→ **Problem requirements**: Reproduce word for word the lines of the listing from the first one through the one with "在西校区一教217会议室召开", omitting every picture.

→ **Raw data**:

____________________

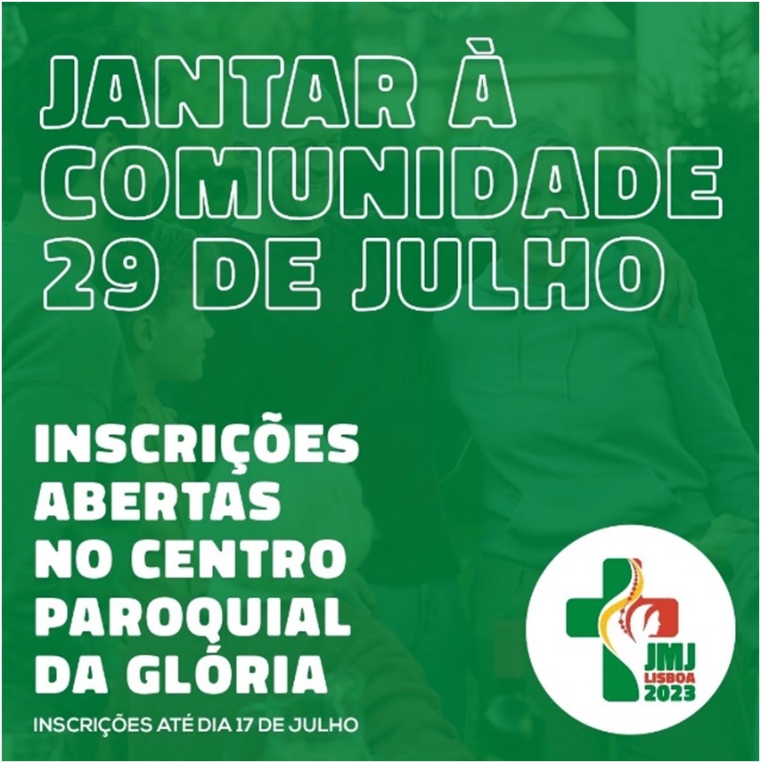 O jantar inclui sopa, prato principal, sobremesa e animação e pedimos um contributo de 2,5 JMJ por pessoa.
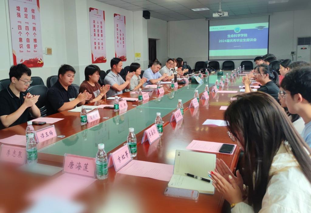 在西校区一教217会议室召开2024届优秀毕业生座谈会。全体院领导、20位本、硕优秀毕业生代表齐聚一堂,共同回顾青春时光,分享成长感悟,展望未来之路。学院党委副书记万波主持会议。
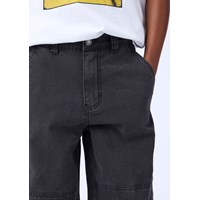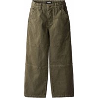 Grey cotton canvas pants inspired by the skateboarding scene. The pants have a loose fit with wide legs and cool stitching at the knees that adds character. The design includes five practical pockets and a zip fly.

____________________

→ **Exercise answer**:
 O jantar inclui sopa, prato principal, sobremesa e animação e pedimos um contributo de 2,5 JMJ por pessoa.
 在西校区一教217会议室召开2024届优秀毕业生座谈会。全体院领导、20位本、硕优秀毕业生代表齐聚一堂,共同回顾青春时光,分享成长感悟,展望未来之路。学院党委副书记万波主持会议。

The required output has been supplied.